Personal information
- Born: August 4, 1987 (age 38) St. Petersburg, Florida, U.S.
- Listed height: 6 ft 10 in (2.08 m)
- Listed weight: 255 lb (116 kg)

Career information
- High school: Gibbs (St. Petersburg, Florida); Admiral Farragut Academy (St. Petersburg, Florida); Hargrave Military (Chatham, Virginia);
- College: Florida (2006–2008)
- NBA draft: 2008: 1st round, 16th overall pick
- Drafted by: Philadelphia 76ers
- Playing career: 2008–2021
- Position: Center / power forward
- Number: 16, 5, 15
- Coaching career: 2023–present

Career history

Playing
- 2008–2012: Philadelphia 76ers
- 2012–2013: Memphis Grizzlies
- 2013: Cleveland Cavaliers
- 2013–2016: Golden State Warriors
- 2016–2017: Los Angeles Clippers
- 2017–2018: Orlando Magic
- 2018–2021: Guangzhou Long-Lions

Coaching
- 2023–2026: Georgia Southern (assistant)
- 2026–present: Polk State

Career highlights
- NBA champion (2015); NCAA champion (2007);
- Stats at NBA.com
- Stats at Basketball Reference

= Marreese Speights =

American basketball player (born 1987)

Marreese Akeem "Mo" Speights (born August 4, 1987) is an American former professional basketball player in the National Basketball Association (NBA).

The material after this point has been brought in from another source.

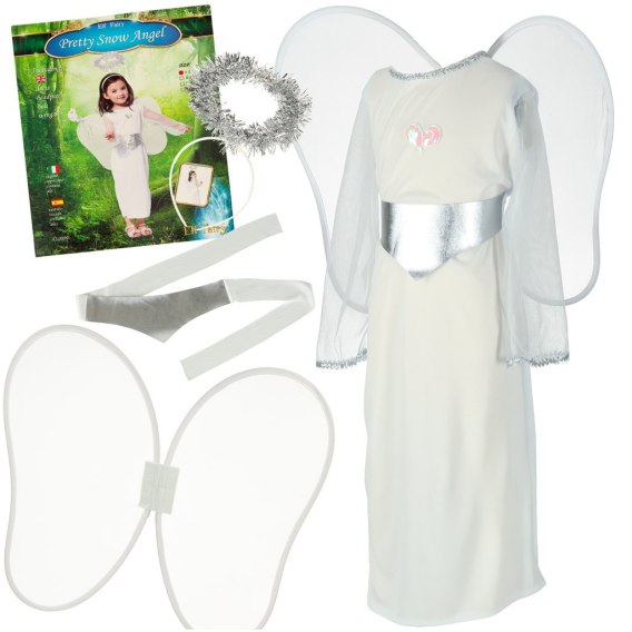z aureolą na głowę i anielskie skrzydła. Strój jest wykonany z

He played college basketball for the Florida Gators, where he was a freshman member of their NCAA national championship team in 2007. The Philadelphia 76ers selected Speights in the first round of the 2008 NBA draft with the 16th overall pick. With the Golden State Warriors, he won an NBA championship in 2015.

==Early life==
Speights was born in St. Petersburg, Florida. He played basketball at St. Petersburg's Admiral Farragut Academy, which retired his jersey number after one year. He also played basketball at Hargrave Military Academy (senior year) and Gibbs High School.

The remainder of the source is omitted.